Why four gates and not one

Pulse splits validation into four because they answer different questions:

Gate	The question it answers	Failure mode it prevents
Spec evaluation	Is this spec good enough to start implementing?	Specs that read fine to one agent but cannot be executed without re-deriving requirements.
Spec validation	Is the spec content stable enough to be a contract?	Silent edits to a spec while cards are in-flight.
Task validation	Did the implementer actually deliver what the spec asked for?	”Done” cards with hand-waved conclusions and no independent review.
Test theater prevention	Are passed scenarios backed by real test runs?	Marking scenarios passed without structured evidence; sprint close hides regression.

Each gate has its own permission flag, its own data shape, and its own retry path.

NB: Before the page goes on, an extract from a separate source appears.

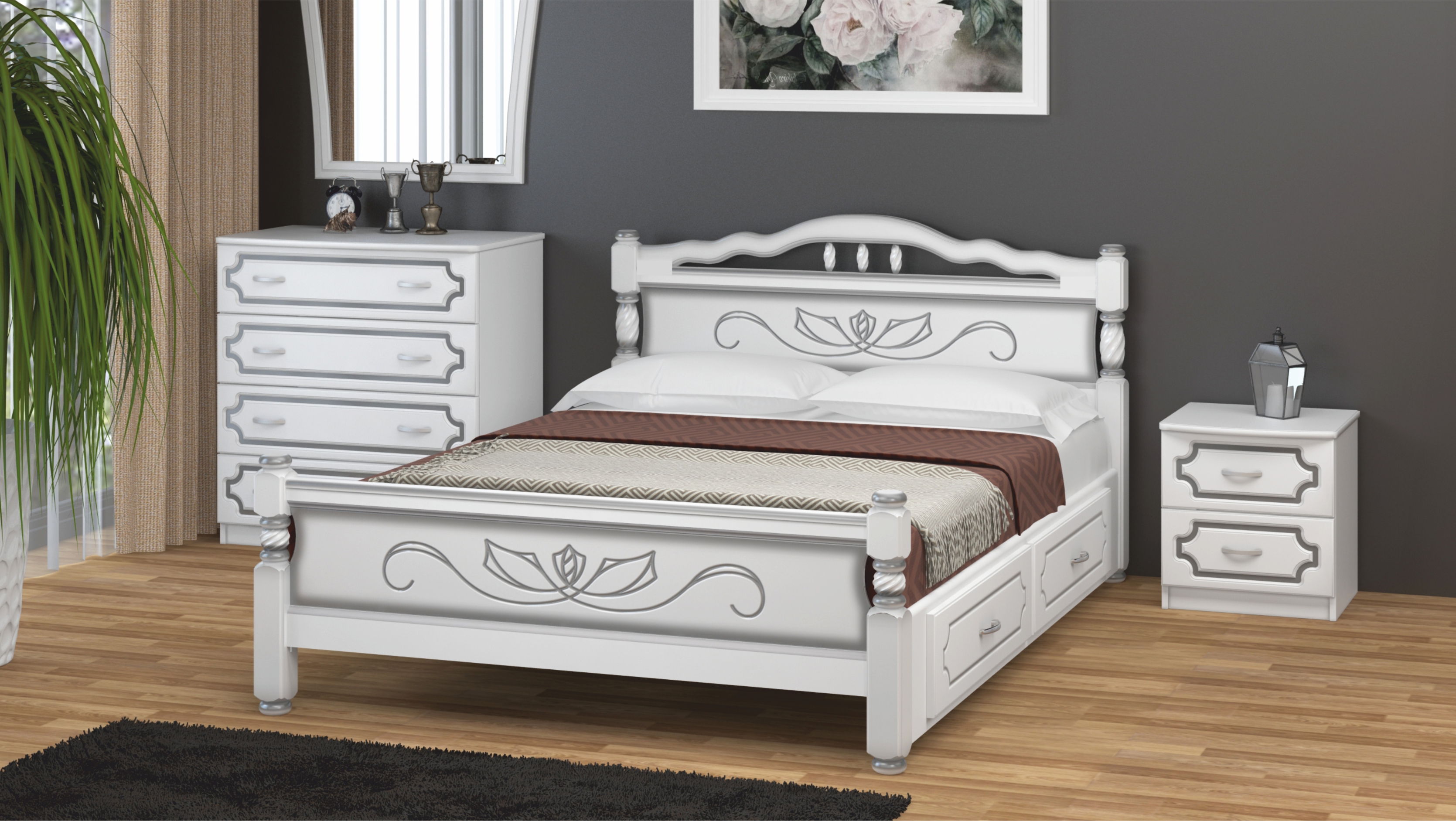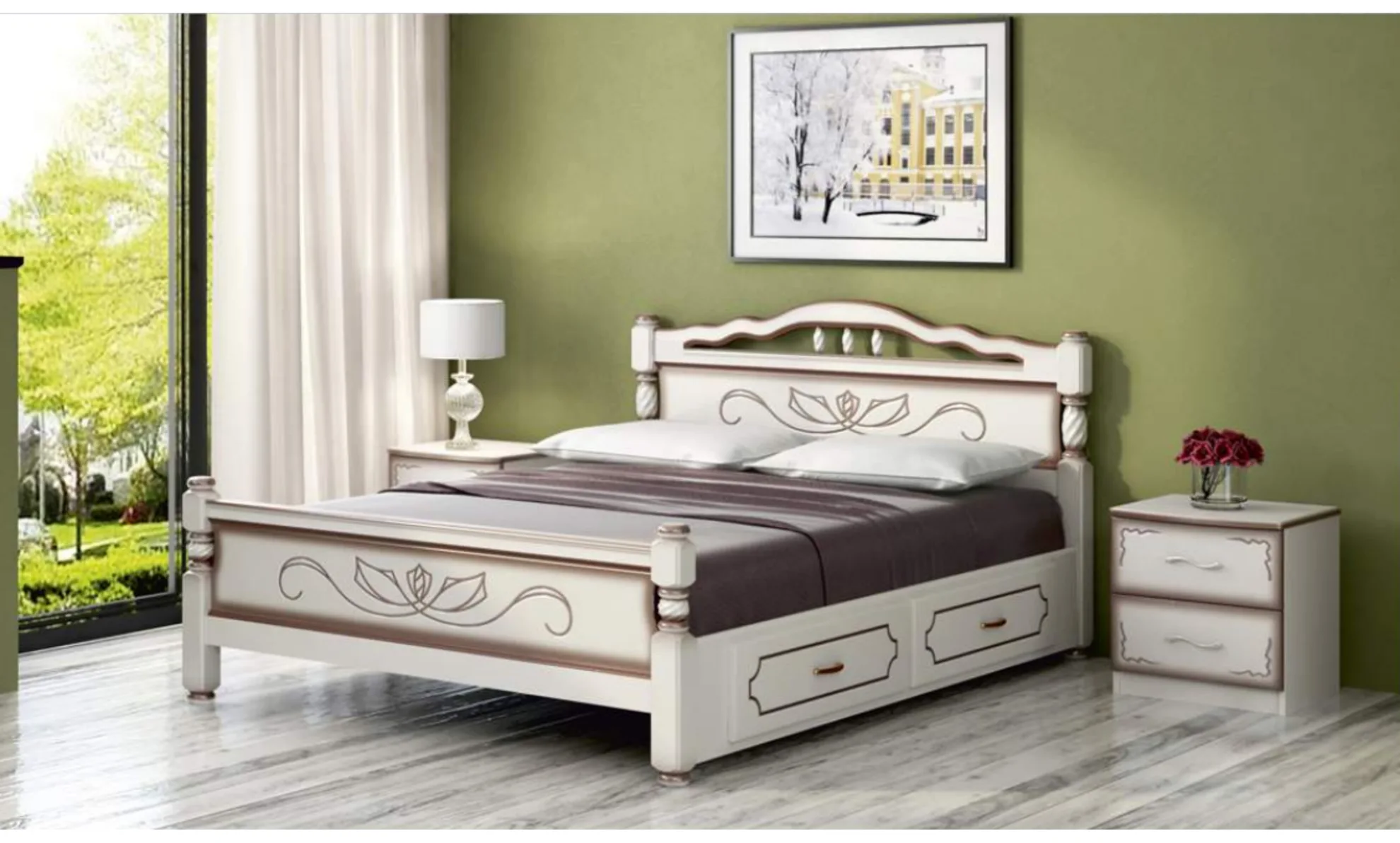 Каркасы головной и ножной спинки изготовлены из массива сосны и покрашены эмалью. В центре изголовья и изножья имеются вставки с узором. Вставки изготовлены из МДФ.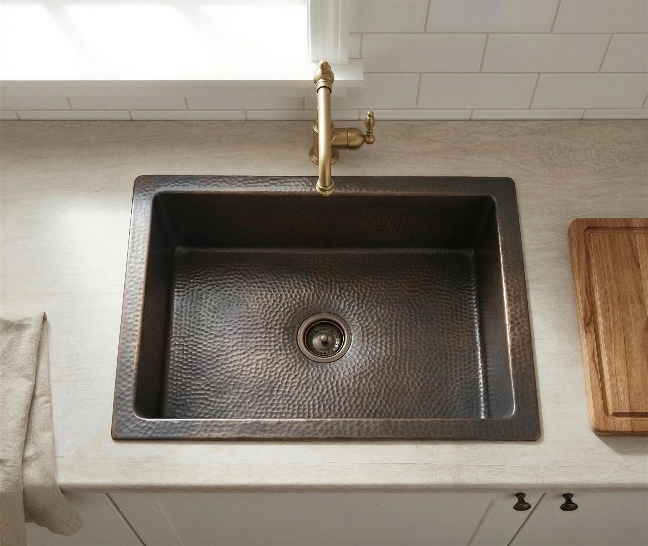 Handmade Bronze Brass Undermount Sink, Rectangular Dark Bronze Basin, Drop In Farmhouse Sink, Handcrafted Oil Rubbed Bronze Sink

An agent cannot satisfy one gate by impersonating another.

Gate 1 — Spec evaluation

The spec evaluation captures a qualitative judgement of spec quality, with a written narrative the gate threshold is measured against. Default threshold: score ≥ 80. Configurable per board.

Tool	Line	Description
`okto_pulse_submit_spec_evaluation`	`server.py:10089`	Submit a qualitative evaluation (score 0–100 + narrative) — gate for `validated → in_progress`
`okto_pulse_list_spec_evaluations`	`server.py:10194`	List evaluations recorded on a spec
`okto_pulse_get_spec_evaluation`	`server.py:10256`	Get one evaluation by ID
`okto_pulse_delete_spec_evaluation`	`server.py:10293`	Delete an evaluation

spec_id: "spc_b921..."
score:   85
narrative: "Acceptance criteria are concrete and measurable; AC1-AC3 each map to a test scenario with structured evidence requirements. Decision dec_e7ca (Redis token-bucket) carries 2 rejected alternatives with real reasons. One small gap: error budget for the fail-open path is not quantified — flagged as a follow-up under sprint Q&A spr_a01b."

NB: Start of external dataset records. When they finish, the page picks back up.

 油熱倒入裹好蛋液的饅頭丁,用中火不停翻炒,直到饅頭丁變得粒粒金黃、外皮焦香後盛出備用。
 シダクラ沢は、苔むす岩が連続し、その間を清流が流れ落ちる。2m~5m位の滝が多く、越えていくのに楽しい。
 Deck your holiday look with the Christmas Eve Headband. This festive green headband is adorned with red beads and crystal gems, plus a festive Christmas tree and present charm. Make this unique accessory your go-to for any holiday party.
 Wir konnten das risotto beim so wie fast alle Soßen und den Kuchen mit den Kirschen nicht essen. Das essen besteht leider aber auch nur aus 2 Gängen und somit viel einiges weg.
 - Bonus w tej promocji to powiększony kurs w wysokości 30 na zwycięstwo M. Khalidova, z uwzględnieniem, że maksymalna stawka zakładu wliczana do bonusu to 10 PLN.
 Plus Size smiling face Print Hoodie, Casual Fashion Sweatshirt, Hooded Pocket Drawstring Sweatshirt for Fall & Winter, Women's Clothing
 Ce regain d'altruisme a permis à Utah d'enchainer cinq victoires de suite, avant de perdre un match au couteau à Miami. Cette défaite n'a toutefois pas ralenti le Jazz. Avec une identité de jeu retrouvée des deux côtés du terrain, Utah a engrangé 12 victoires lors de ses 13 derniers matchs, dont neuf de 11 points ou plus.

Submitting an evaluation does not advance the spec — it records the evidence. The transition itself happens via move_spec and re-checks the latest evaluation against the threshold. An evaluation can be delete-d and re-submitted while the spec is still validated.

Gate 2 — Spec validation

Spec validation is the content-lock gate. It runs three threshold checks — completeness, assertiveness, ambiguity — each with written evidence. Once it passes, the spec is locked: edits require an explicit validated_to_draft move and a justification.

Tool	Line	Description
`okto_pulse_submit_spec_validation`	`server.py:12323`	Submit a validation record (3 axes + evidence) — gate for `approved → validated`
`okto_pulse_list_spec_validations`	`server.py:12427`	List validation records on a spec

spec_id:                  "spc_b921..."
completeness_score:       85
completeness_evidence:    "All 3 ACs covered by test scenarios; FRs map to BRs br_3da7 and br_5e1c; API contract apc_5b18 covers 200 + 429 paths."
assertiveness_score:      90
assertiveness_evidence:   "Decision dec_e7ca (Redis token-bucket) carries 2 alternatives with rejection reasons. BR br_3da7 (fail-open) carries explicit rationale (pager noise vs minor abuse window)."
ambiguity_score:          88
ambiguity_evidence:       "All choice questions on the parent ideation answered. Sole open question (per-IP fallback for anonymous traffic) resolved via QA item ide_5fa9.qa_3."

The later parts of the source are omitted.